[Stored data entries]
--- START ---
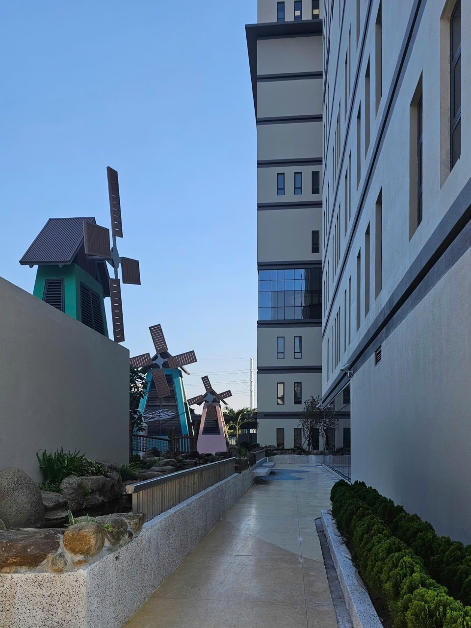 Bên cạnh đó, các hạng mục tường vữa đất mang đến một lớp hoàn thiện giàu tính tự nhiên, góp phần cân bằng không gian y tế vốn thường mang cảm giác khô cứng. Sự kết hợp giữa vật liệu truyền thống và giải pháp thi công hiện đại giúp công trình vừa đạt tiêu chuẩn kỹ thuật cao, vừa tạo cảm giác thân thiện, gần gũi cho người sử dụng.
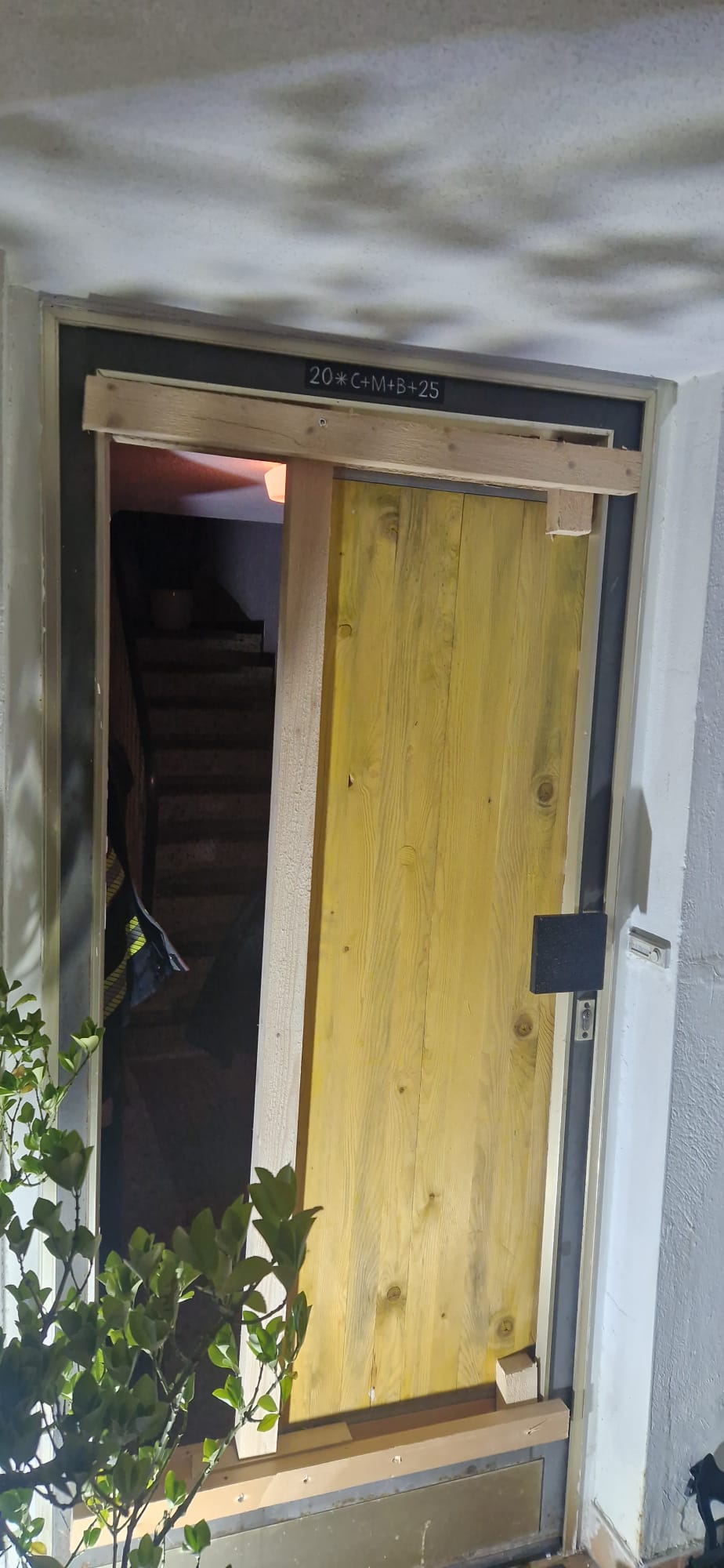 Beamte der Pegnitzer Polizeiinspektion baten uns eine duch Vandalismus zerstörte Hauseingangstüre zu sichern. Wir kamen der Bitte gerne nach und verschalten die Türe.
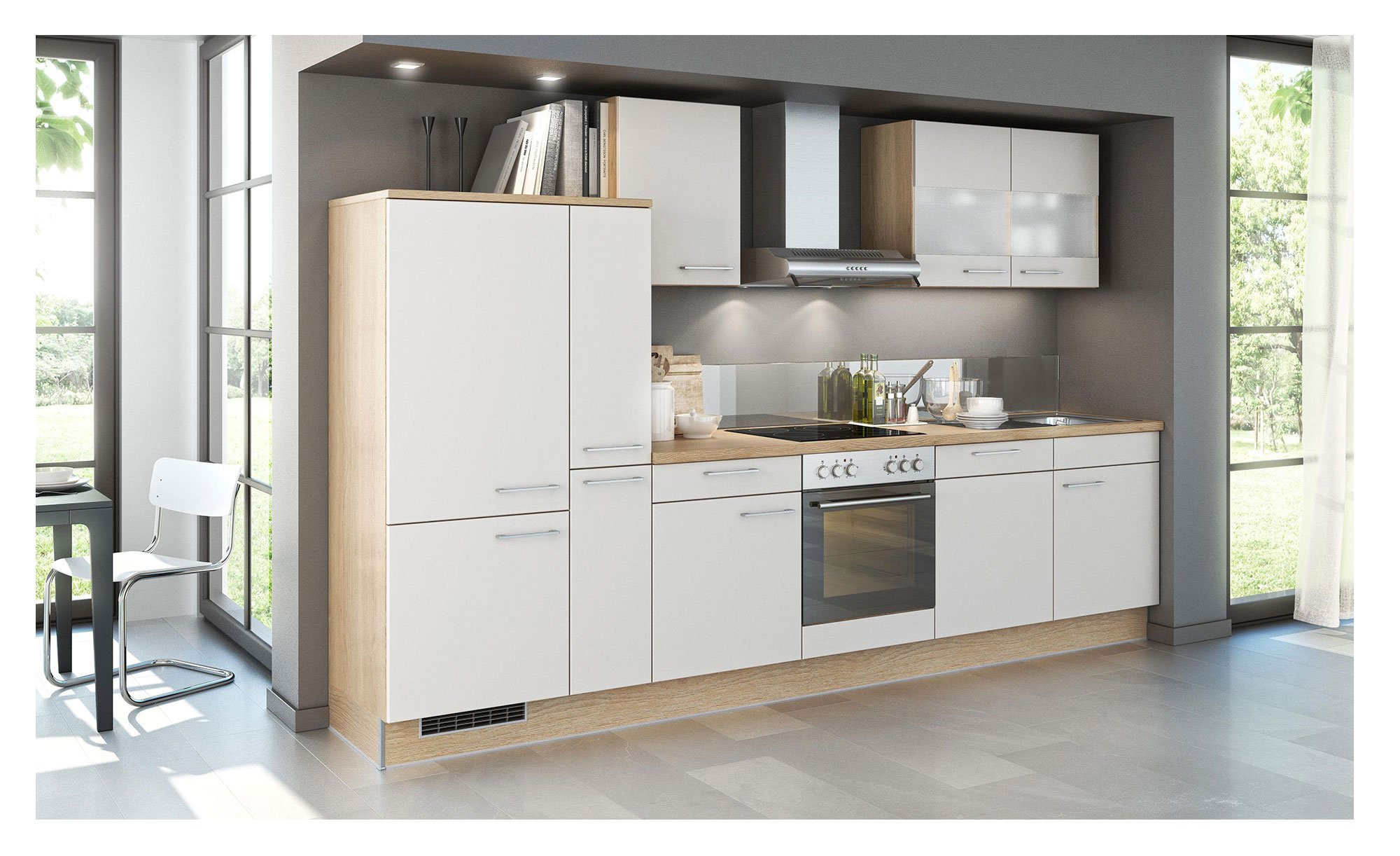 Auch in Sachen Funktionalität kann die Küchenzeile punkten. Eine komplette Ausstattung mit E-Geräten ist ebenso selbstverständlich wie jede Menge Stauraum. Hervorzuheben sind hier vor allem die Hängeschränke, aber auch ein geräumiger Seitenschrank bietet viel Platz für Ihr Küchenzubehör. Eine kratzfeste Melaminharzbeschichtung sowie Segmentglastüren in zwei der Hängeschränke vervollständigen die funktionale Ausstattung.
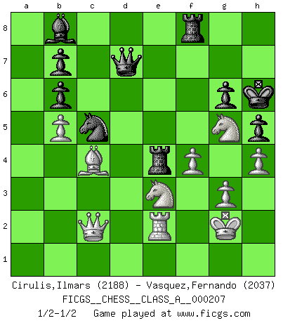 Last move : 1/2-1/2 2019 June 20 3:45:36 [Event "FICGS__CHESS__CLASS_A__000207"] [Site "FICGS"] [Date "2019.03.03"] [Round "1"] [White "Cirulis,Ilmars"] [Black "Vasquez,Fernando"] [Result "1/2-1/2"] [WhiteElo "2188"] [BlackElo "2037"] 1.b4 e5 2.a3 d5 3.Bb2 Nd7 4.e3 Ngf6 5.c4 a5 6.b5 Bd6 7.cxd5 Nxd5 8.d3 O-O 9.Nf3 Qe7 10.Be2 Nc5 11.Nbd2 Bd7 12.d4 exd4 13.Nxd4 Nb6 14.a4 Qg5 15.O-O Bh3 16.Bf3 Qe5 17.g3 Bxf1 18.Kxf1 g6 19.Qc2 Qe7 20.h4 Rab8 21.Kg2 h5 22.Bc3 Rfe8 23.Bxa5 Ra8 24.Bxb6 cxb6 25.Nc4 Bc7 26.Bd5 Kg7 27.Nf3 Rad8 28.Rd1 Rd7 29.Rd2 Ra8 30.e4 Rxa4 31.e5 Ra8 32.Ng5 Rf8 33.f4 Qd8 34.Ne3 f6 35.exf6+ Qxf6 36.Re2 Kh6 37.Qc4 Qg7 38.Be6 Rd4 39.Qc2 Bb8 40.Bc4 Qd7 41.Nf3 Re4 42.Ng5 1/2-1/2 Polish (Sokolsky) opening Kingside Castling by player Black (move 8) Kingside Castling by player White (move 15) This chess game ended in a draw. Follow this game move after move (download)It was clear to me that the vulnerable point of the American Grandmaster (Bobby Fischer) was in double-edged, hanging, irrational positions, where he often failed to find a win even in a won position. (Efim Geller) Ich trinke, ich rauche, ich spiele, ich liebe Frauen aber Fernschach ist ein Laster, das ich nicht habe. (Mikhail Nekhemyevich Tal) Coloca el contenido del tablero de Ajedrez en un sombrero, agita las piezas vigorosamente, derrámalas en el tablero desde una altura de medio metro y así obtienes el estilo de Wilhelm Steinitz. (H. E. Bird) Les échecs c'est le défi de l'alpiniste, toujours plus haut, prêt à tout pour monter à l'assaut du Roi ennemi. Les échecs, c'est de la musique en mouvement, un ballet majestueux pour les yeux. C'est de la poésie composée par les fantômes du passé qui au même titre que Rimbaud ou Verlaine méritent notre admiration. Les échecs, c'est de la peinture ou le moindre mouvement modifie le tableau pour en faire un Picasso ou un Van Gogh. Les échecs, c'est tout et rien, c'est la vie et la mort. Jjulie33 sur le forum de France-Echecs. When you don't know what to do, walk fast and look worried. (Anonymous)
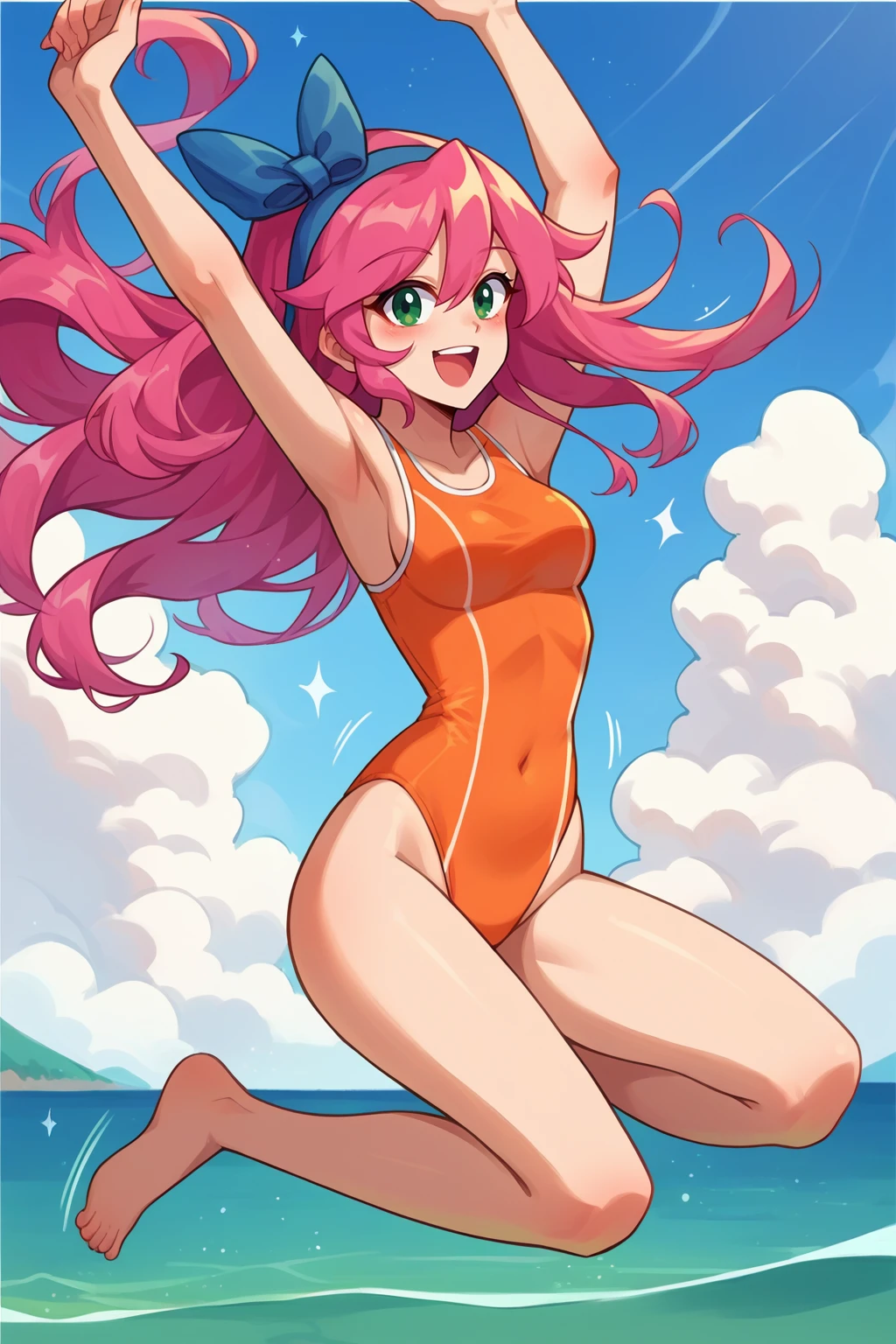 Main Prompt: NSStylistTerraria, pink hair, long hair, green eyes, hairband, hair bow
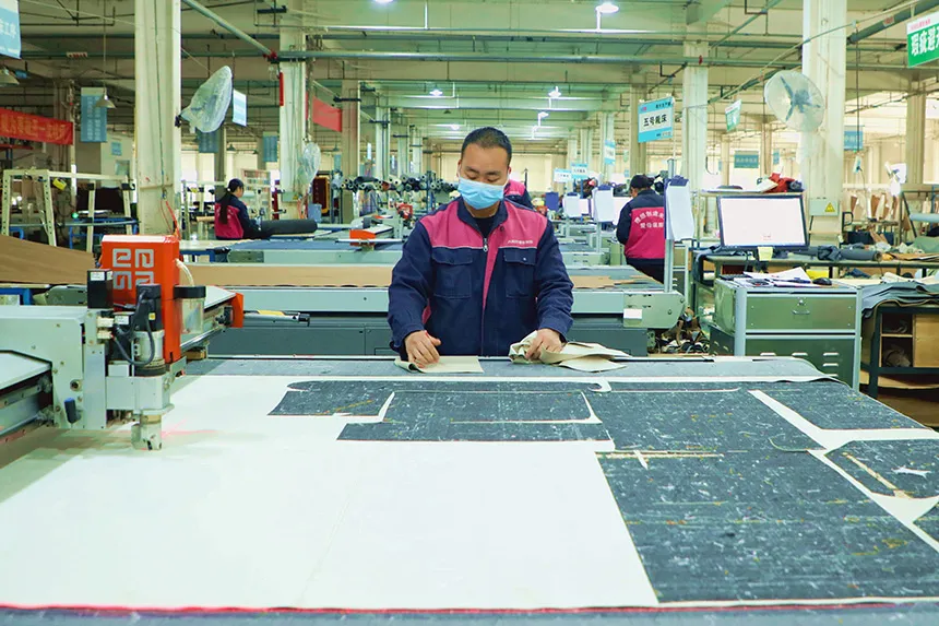 在香河经开区淑阳工业园内,爱依瑞斯廊坊家具有限公司作为智慧家居集群企业,在其皮沙发成品车间内,工人正对新款沙发成品进行质量检验。由于新款沙发增加了智慧功能性设计,从而舒适度更高,深受顾客喜爱,销售量实现大幅增长。据该公司开发部负责人张峰介绍,爱依瑞斯品牌于2009年入驻香河,公司目前有100多人的设计研发团队,每月会推出10多款新品,年研发投入占收入的10%到20%。“目前,我们已经取得发明专利2项,实用新型专利1项,外观专利181项,发表了专业技术论文1篇。”张峰自豪地说。“过去我们更多专注于传统家具市场,现在数字化、智能化在产品设计研发生产过程中不断被应用,像具备语音遥控等功能的智能家具已经占到我们整体销售量的50%以上。”公司行政负责人杨胜补充道。
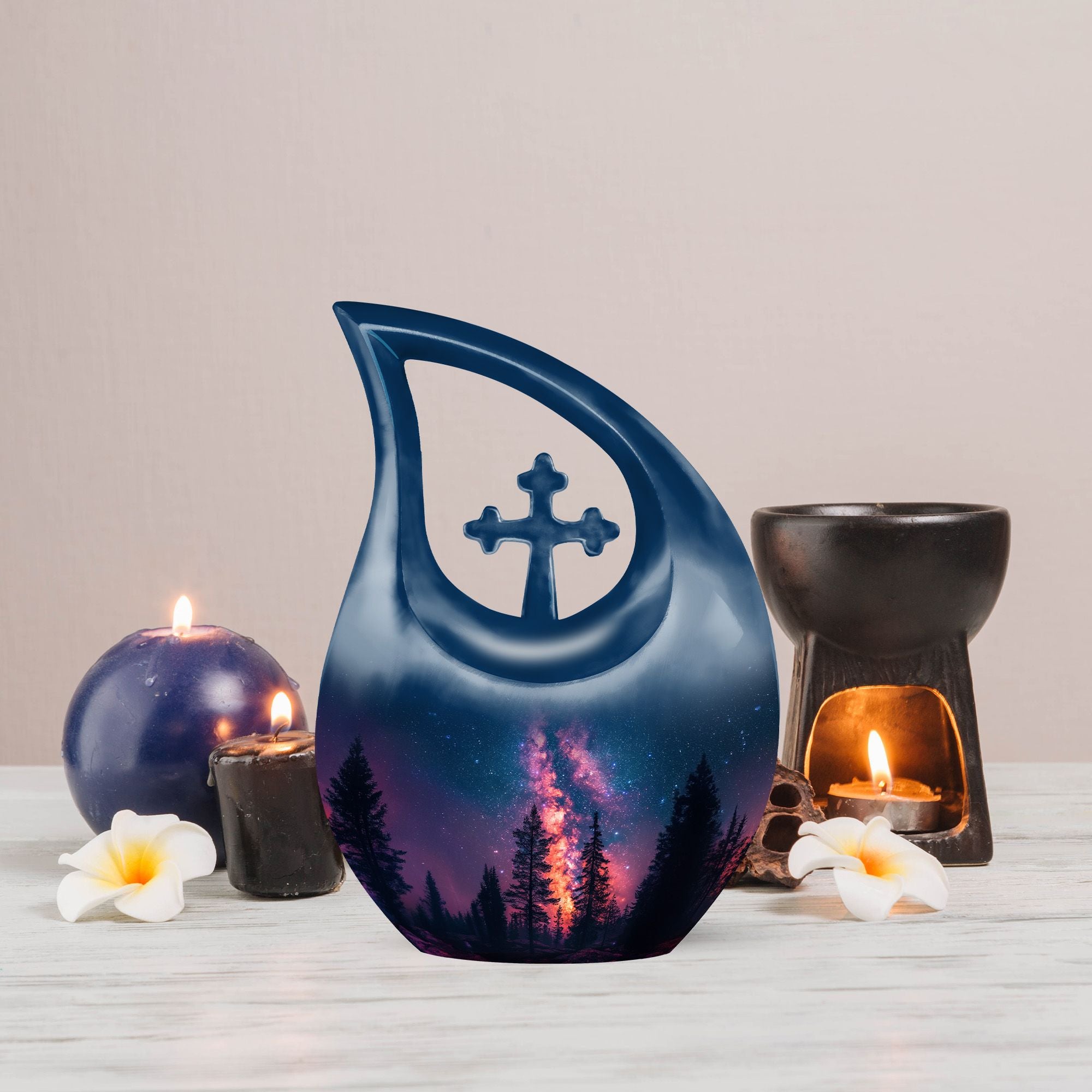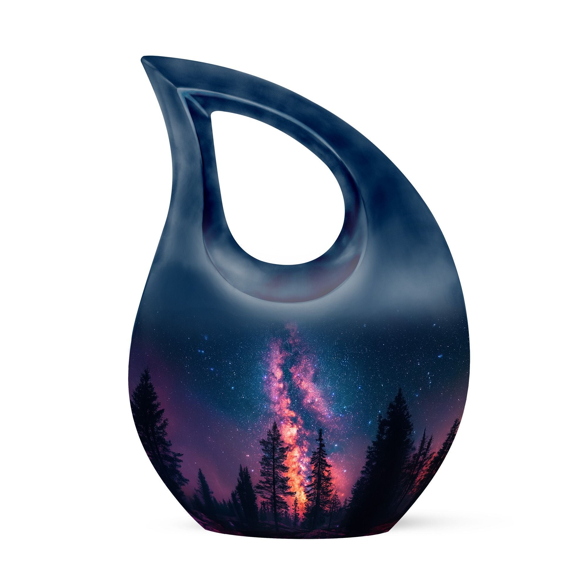 This Galaxy Cremation Urn offers a serene and celestial way to honor a cherished life, making it a meaningful choice for families seeking adult urns for human ashes for men and women. Its cosmic design brings a sense of peace and eternity, beautifully complementing options like funeral urns for women, an urn for ashes for men, or unique cremation keepsakes for men and women.
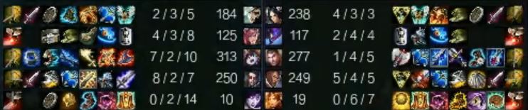 Royal Club took lessons from KT Rolster in this game and counterpicked Shen into Renekton while Kmi chose his favorite, currently out-of-meta champion pick of Jarvan IV. In a straight up 2v2, Namei and Fzzf managed to outplay LeY and grab first blood on Vayne in what is supposed to be a nightmare matchup against Caitlyn. Despite counterpicking, Koro1 was able to shove up early and dominate Nct in the top lane.
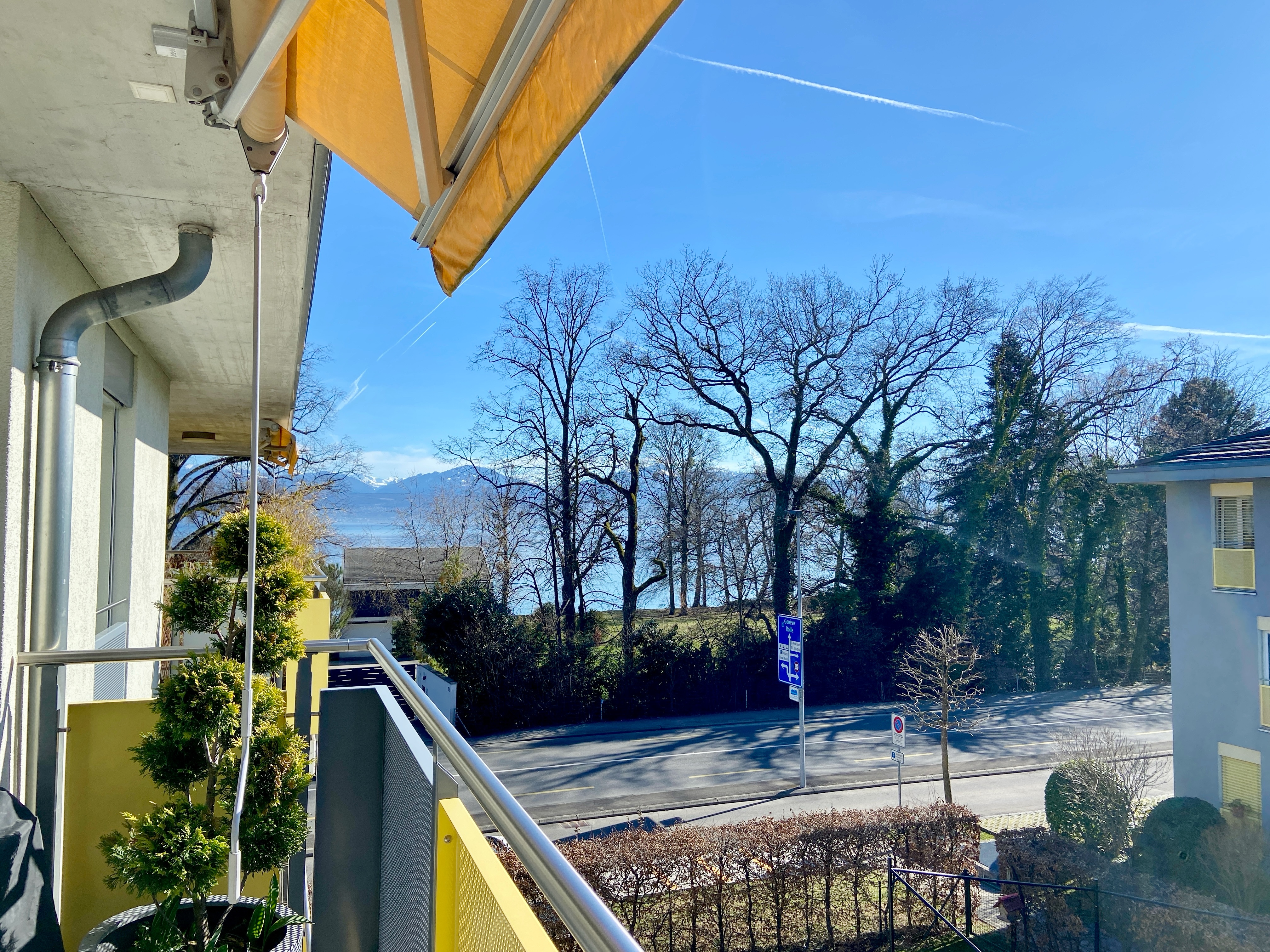 Le grand balcon avec vue sur le lac et les alpes, idéalement orienté, constitue un véritable prolongement des pièces de vie et invite à profiter de belles soirées d’été dans une atmosphère paisible.
--- END ---
_BRIEF_: Here the job is to retype exactly the lines that start at the one containing "在香河经开区淑阳工业园内,爱" and run through the end of the records above, leaving out pictures.

_OUTPUT BELOW_:
 在香河经开区淑阳工业园内,爱依瑞斯廊坊家具有限公司作为智慧家居集群企业,在其皮沙发成品车间内,工人正对新款沙发成品进行质量检验。由于新款沙发增加了智慧功能性设计,从而舒适度更高,深受顾客喜爱,销售量实现大幅增长。据该公司开发部负责人张峰介绍,爱依瑞斯品牌于2009年入驻香河,公司目前有100多人的设计研发团队,每月会推出10多款新品,年研发投入占收入的10%到20%。“目前,我们已经取得发明专利2项,实用新型专利1项,外观专利181项,发表了专业技术论文1篇。”张峰自豪地说。“过去我们更多专注于传统家具市场,现在数字化、智能化在产品设计研发生产过程中不断被应用,像具备语音遥控等功能的智能家具已经占到我们整体销售量的50%以上。”公司行政负责人杨胜补充道。
 This Galaxy Cremation Urn offers a serene and celestial way to honor a cherished life, making it a meaningful choice for families seeking adult urns for human ashes for men and women. Its cosmic design brings a sense of peace and eternity, beautifully complementing options like funeral urns for women, an urn for ashes for men, or unique cremation keepsakes for men and women.
 Royal Club took lessons from KT Rolster in this game and counterpicked Shen into Renekton while Kmi chose his favorite, currently out-of-meta champion pick of Jarvan IV. In a straight up 2v2, Namei and Fzzf managed to outplay LeY and grab first blood on Vayne in what is supposed to be a nightmare matchup against Caitlyn. Despite counterpicking, Koro1 was able to shove up early and dominate Nct in the top lane.
 Le grand balcon avec vue sur le lac et les alpes, idéalement orienté, constitue un véritable prolongement des pièces de vie et invite à profiter de belles soirées d’été dans une atmosphère paisible.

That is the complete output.